Starting a B2B tech business in India is the hardest. The market for any leading edge business product is almost entirely in the West.
3. Indian venture capital markets are way behind American counterparts in terms of funding risky, pathbreaking ventures. The differences are apparent in valuation, in early focus on cost/revenues and in (predominantly) funding of copycat concepts from the West.
This point is not fundamental, and these things can change. Examples of breathtaking success can change the risk premium for example.
4. Startup and Engineering Culture in India is nowhere close to that in places like Bay Area:
- Engineers don’t remain engineers for long. Very soon they become hands off managers and architects. As a result, expert level hands on engineers – particularly those with both depth and breadth – are much harder to find.
- In my personal experience, intensity at Indian startups is lower. The urgency, the sense of do-or-die, is much lower.
- The few truly great hands-on experts prefer to stick to top employers like Google/Microsoft etc. and are rarely to be found sticking it out in a startup garage.
- Equity compensation is often drastically lower in Indian startups (especially for engineers). There seem to be a raft of reasons for this, but regardless, this makes the previous three points pretty logical. It’s a vicious cycle.
- Mentorship – there’s no Steve Jobs or Peter Thiel here to mentor the local Zuck. The people who made it big in India in tech (on the backs of the consulting industry) are unlikely to be the right mentor for the next Twitter/Facebook/Apple. Less dramatically, the lack of top class engineers who have spent 10+ years programming just means there’s less mentorship for the younger ones .
Again this point, overall is not fundamental – these things can all change with time. But these cycles are very hard to break and will take a long long time (if ever) to do so.
Other points – predominantly those related to absence of good governance, poor infrastructure, regulatory hurdles – don’t affect tech businesses as much. But I am sure they affect B&M businesses a lot.
Age is an interesting factor. If young local entrepreneurs have the deck stacked against them, then the ones with potential that remain are the ones that are more experience and education. But as anyone with a kid or two knows – achieving something remarkable (from scratch) after the onset of family life is just an order of magnitude harder.
The silver lining here is that if the reasons are well understood, the solutions can be articulated. What if we have a Super30 program for outstanding young programmers for example? Can we expose such a talent pool to the latest and greatest in technology, including liberal travel to major global tech hubs? What if we can put them in mentor/partnership programs with industry folks who have a solid understanding of the business landscape and with top engineers, both local and abroad.
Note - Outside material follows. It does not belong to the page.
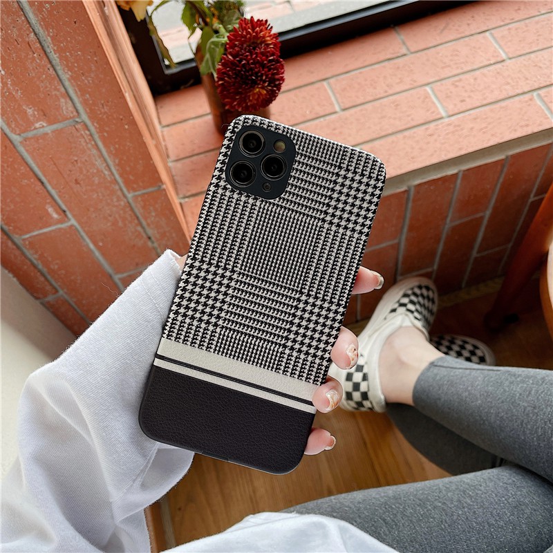 Điện Thoại & Phụ Kiện > Phụ kiện > Vỏ bao, Ốp lưng & Miếng dán > Vỏ bao, Ốp lưng & Miếng dán điện thoại || Ốp da iPhone cao cấp kẻ sọc họa tiết HOUNDSTOOTH sang chảnh Hàn Quốc.Tương thích 12 ProMax/12//11/XsMax/Xs/8plus/8/7Còn hàng

There seems to be potential ways out of where we are, but it won’t just happen by itself.
It all starts with Maslow’s hierarchy of needs (see below). Wanting to “change the world” is presumably right at the top of that triangle. A human being feels that need only after the needs lower in the triangle are fulfilled.
Now coming to Indian entrepreneurs, given the socio-econonomic backgrounds that the vast majority of our nation comes from, most people get their education and devote their lives to creating a better life for themselves and their families. By the time they feel the need to “change the world” they are probably in their mid-thirties, at least. By contrast, many US entrepreneurs start their journeys sometime during college. That’s a huge headstart – both in terms of amount of time they have to develop their skills and the level of risk they can take at that life-stage.
Even among the few Indians who hail from privileged backgrounds (or work their way into it), the general environment of scarcity dictates that they devote their lives to preserving their wealth and maintaining status quo.